* Provided material
|---|

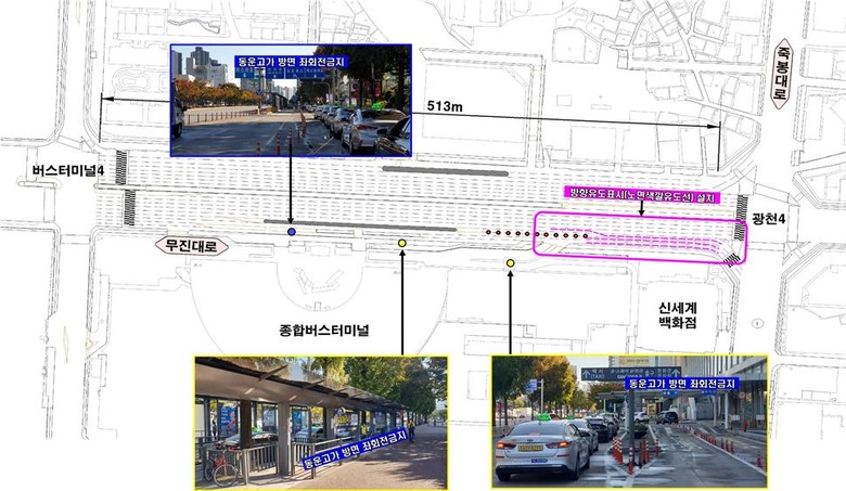 또 터미널 내부에서 진출하는 상당수의 차량이 동운고가 방면 좌회전 금지에도 불구하고 광천사거리로부터 90m 내 짧은 구간에서 5개 이상의 차로를 무리하게 변경하면서 불법으로 좌회전하고 있어 교통체증과 사고 위험성이 높은 지역이다.
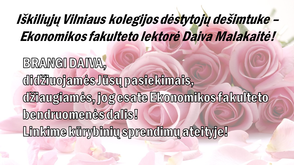 Džiaugiamės, kad į Vilniaus kolegijos IŠKILIŲJŲ DĖSTYTOJŲ dešimtuką įtraukta Ekonomikos fakulteto lektorė, Draudimo katedros vedėja DAIVA MALAKAITĖ!
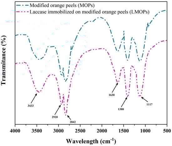Figure 4 demonstrates the FTIR for MOPs and LMOPs. The infrared spectra exhibit a wide peak at 3433 cm−1, which corresponds to the elongation vibration of the O–H bond in MOPs, as reported by Belala et al. (2011) []. The vibrational mode detected at a wavelength of 2920 cm−1 is associated with the asymmetric and symmetric stretching of the C–H bonds within cellulose [,]. The presence of a peak at around 1630 cm−1 suggests the occurrence of a stretching vibration related to the C=O bond in the carboxylic acid functional groups of xylan, which is a constituent of hemicelluloses [], which is also suggestive of the amide bond in the laccase protein, confirming its immobilization on the surface of MOPs []. The band detected at a wavenumber of 1260 cm−1 corresponds to the vibrational mode associated with the C–O methoxy groups present in lignin. The laccase addition had a very subtle effect on LMOPs, as indicated by the minor increase and expansion of the 1117 cm−1 peak.
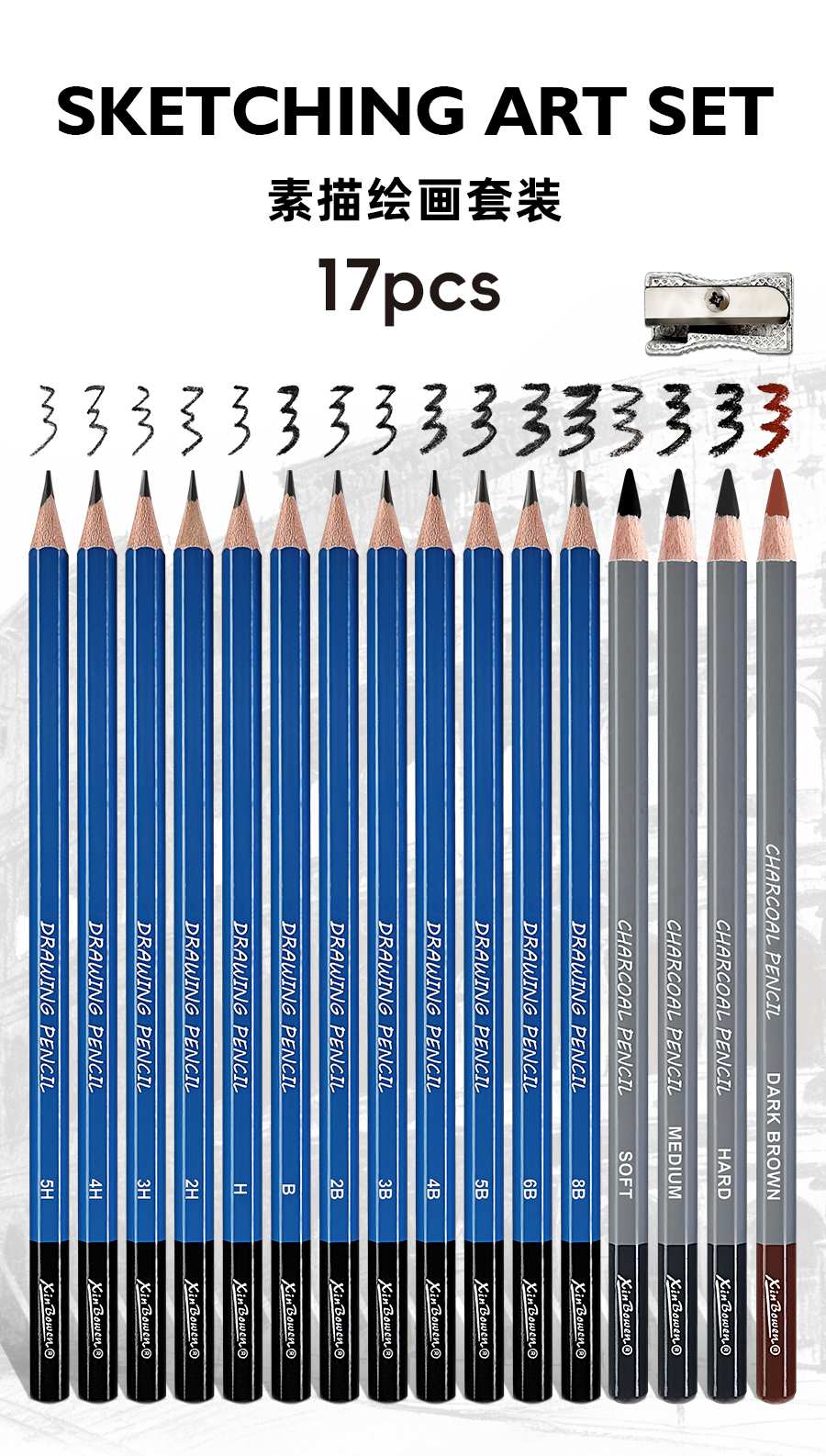 This 17-piece sketching pencil set is specially designed for artists, students, and beginners, aiming to provide them with a complete set of painting tools to meet all their painting needs.

|---|

The whole listing, pictures excluded, should be output exactly.

* Output for this task
 또 터미널 내부에서 진출하는 상당수의 차량이 동운고가 방면 좌회전 금지에도 불구하고 광천사거리로부터 90m 내 짧은 구간에서 5개 이상의 차로를 무리하게 변경하면서 불법으로 좌회전하고 있어 교통체증과 사고 위험성이 높은 지역이다.
 Džiaugiamės, kad į Vilniaus kolegijos IŠKILIŲJŲ DĖSTYTOJŲ dešimtuką įtraukta Ekonomikos fakulteto lektorė, Draudimo katedros vedėja DAIVA MALAKAITĖ!
Figure 4 demonstrates the FTIR for MOPs and LMOPs. The infrared spectra exhibit a wide peak at 3433 cm−1, which corresponds to the elongation vibration of the O–H bond in MOPs, as reported by Belala et al. (2011) []. The vibrational mode detected at a wavelength of 2920 cm−1 is associated with the asymmetric and symmetric stretching of the C–H bonds within cellulose [,]. The presence of a peak at around 1630 cm−1 suggests the occurrence of a stretching vibration related to the C=O bond in the carboxylic acid functional groups of xylan, which is a constituent of hemicelluloses [], which is also suggestive of the amide bond in the laccase protein, confirming its immobilization on the surface of MOPs []. The band detected at a wavenumber of 1260 cm−1 corresponds to the vibrational mode associated with the C–O methoxy groups present in lignin. The laccase addition had a very subtle effect on LMOPs, as indicated by the minor increase and expansion of the 1117 cm−1 peak.
 This 17-piece sketching pencil set is specially designed for artists, students, and beginners, aiming to provide them with a complete set of painting tools to meet all their painting needs.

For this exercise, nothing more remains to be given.